Érec vainqueur, le couple va vers son accomplissement définitif. Trois épisodes marquent cette apothéose, où fonctionne à nouveau à plein le code vestimentaire.

C'est d'abord le retour à la cour d'Arthur, centre des valeurs, symbole de l'ordre et de la civilisation.

Érec, Énide et Guivret, avant d'être accueillis par Arthur, changent de vêtements et se mettent leurs plus beaux atours :

 

Concordance significative de l'atour et du retour.

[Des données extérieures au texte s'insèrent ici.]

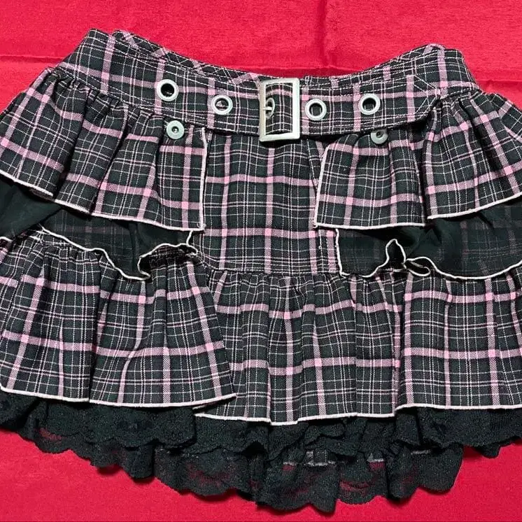ALGONQUINS 블랙 핑크 체크 무늬 스커트

Le second moment est celui de la mort du roi Lac, père d'Érec. C'est le vêtement du deuil, vêtement d'un autre passage, vers la mort pour le défunt, vers la relève et la royauté pour le couple héritier. Les clercs réapparaissent à cette occasion et les pauvres avec eux. Ils sont l'objet de la largesse vestimentaire qui marque l'événement.

 

Molt fist bien ce que fere dut :

povres mesaeisiez eslut

plus de cent et . LX. IX.

si les revesti tot de nuef ;

as povres clers et as provoires

dona, que droiz fu, chapes noires

et chaudes pelices desoz (v. 6475-6481)21 

 

Enfin le couronnement d'Érec et Énide par Arthur et Guenièvre à Nantes voit le triomphe du code vestimentaire.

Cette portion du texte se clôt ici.